Int Urol Nephrol ; 55(7): 1719-1726, 2023 Jul.
Article in English | MEDLINE | ID: mdl-37133765

ABSTRACT

PURPOSE: To compare the clinical results and patients' health-related quality of life (HR-QoL) of ileal conduit (IC) versus single stoma uretero-cutanoustomy (SSUC) after radical cystectomy in two groups of randomly selected patients ≥ 75 years. METHODS: From January 2013 to March 2018, 100 patients ≥ 75 years with muscle invasive BCa underwent RCX and cutaneous diversion. Patients were divided in two groups; group I underwent IC (50 patients) and group II underwent SSUC (50 patients). Postoperative evaluation included clinical, laboratory, radiographic and HR-QoL. The latter was performed using the Functional Assessment of Cancer Therapy-Bladder Cancer (FACT-BL) after 12 months postoperatively. RESULTS: Patients' characteristics were comparable between both groups. No intraoperative complications occurred.

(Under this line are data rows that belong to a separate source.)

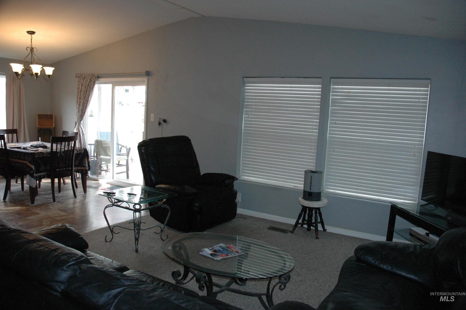 Hard to find, well kept home in the Snake River Resort, along the Snake with access to the river with community dock and covered pavilion. This home has a large covered deck on the front, parking for 3 cars with overflow at the back for additional parking for vehicles. There is 200 amp electrical service with the addition of 6 outlets around home. Large master bath with dual vanities with separate tub/shower, separate laundry room with outside access. Large living room open to dining and kitchen areas. Space rent is $600/mo including sewer, water, trash and Irrigation.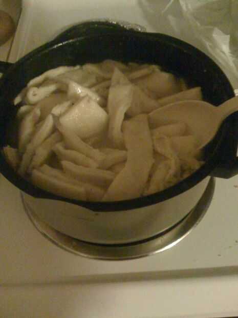 El plato preferido de nuestra fiesta fue pollo y bolas de masa hervida (aunque algunos piensan que esta clase particular es más parecido a los tallarines) - con una receta de un libro de cocina que Noé probablemente guardado en el Arca (tenía instrucciones para desplumar el pollo - seriamente.)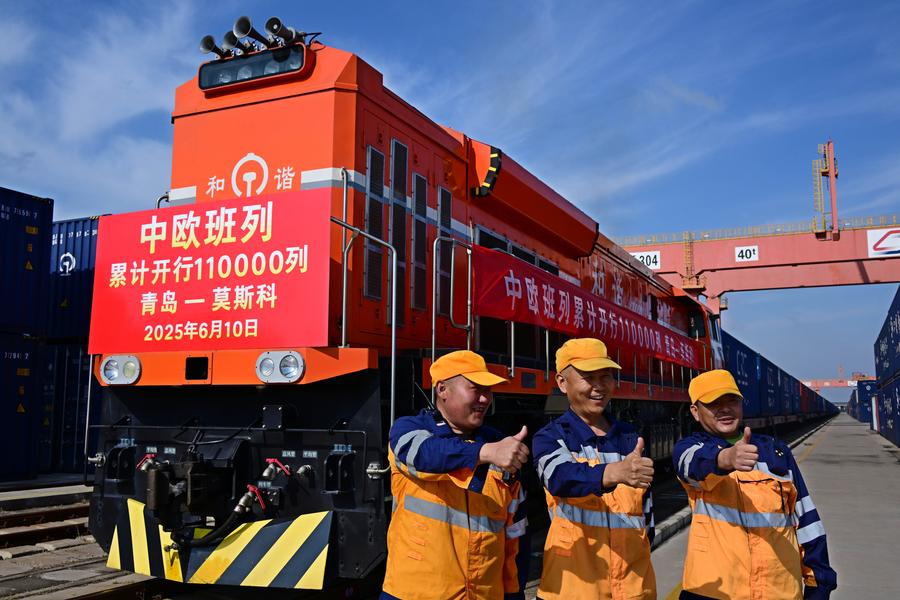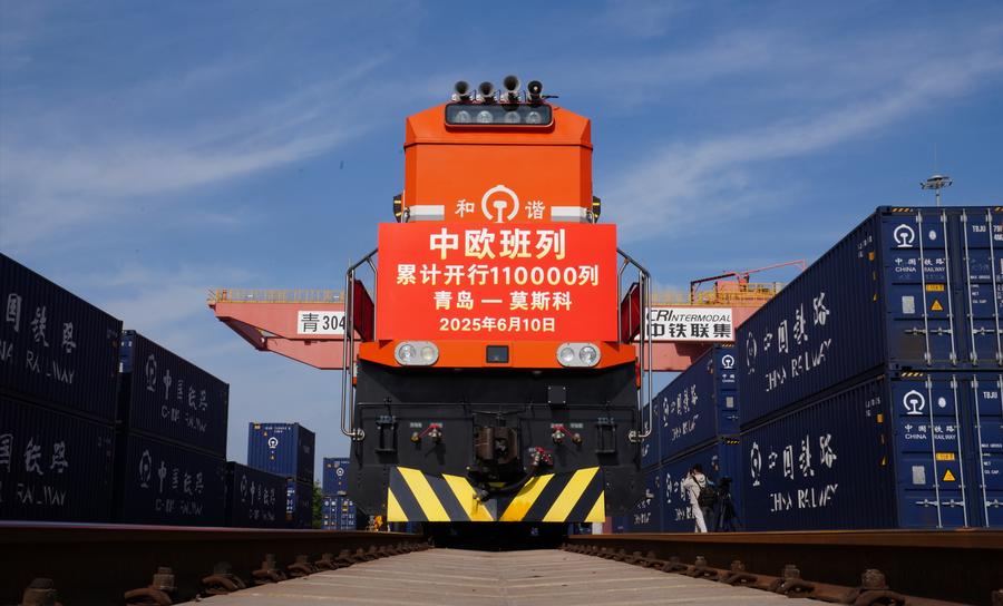 This photo shows the 110,000th China-Europe freight train bound for Moscow of Russia, departing from Jiaozhou Railway Station in Qingdao, east China's Shandong Province, June 10, 2025. (Xinhua/Yin Dongxun)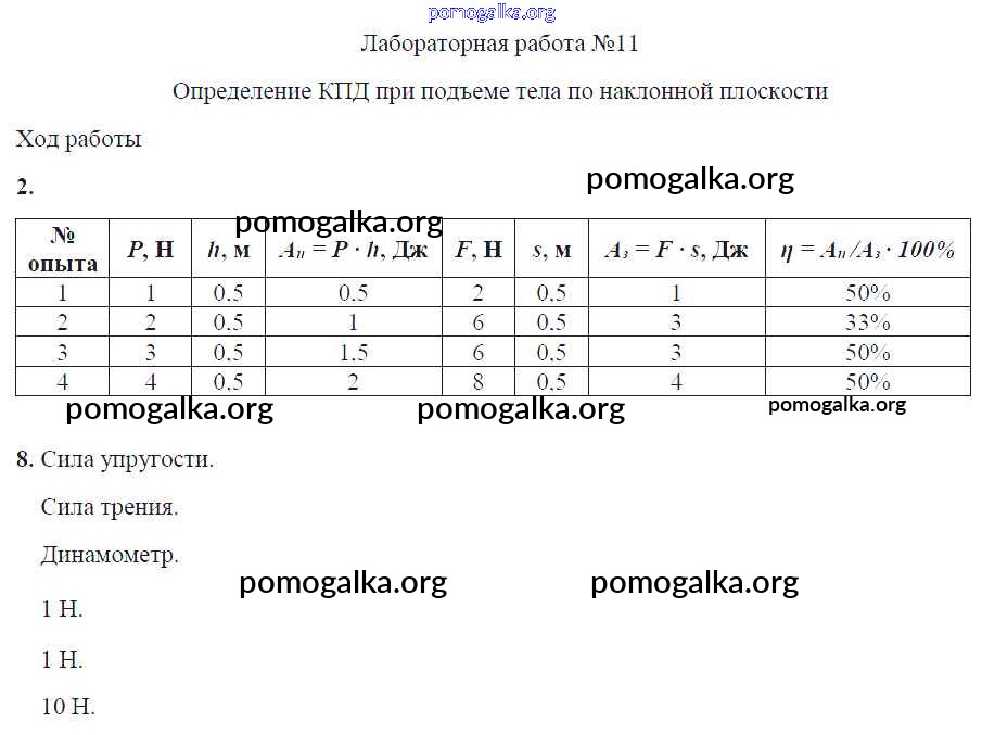 Готовые ответы - Физика 7 класс тетрадь для лабораторных работ Минькова Р.Д. (к уч. Перышкина) - лабораторная работа 11

Early postoperative complications occurred in 27 patients [16 (35.5%) in group I and 11 (23.9%) in group II (p = 0.02)]. Delayed postoperative complications occurred in 26 patients [6 (13.3%) in group I and 20 (43.4%) in group II, (P = 0.002)]. No significant differences between both groups regarding the physical, social/family, emotional, functional and additional concerns scales of FACT-BL questionnaire were reported. CONCLUSION: SSUC is a good alternative to IC in elderly frail patients ≥ 75 years and those with multiple comorbidities who require rapid surgery in terms of perioperative complications and HR-QoL. However, the stomal complications and the possibility of a frequent stent exchange are considered its drawbacks.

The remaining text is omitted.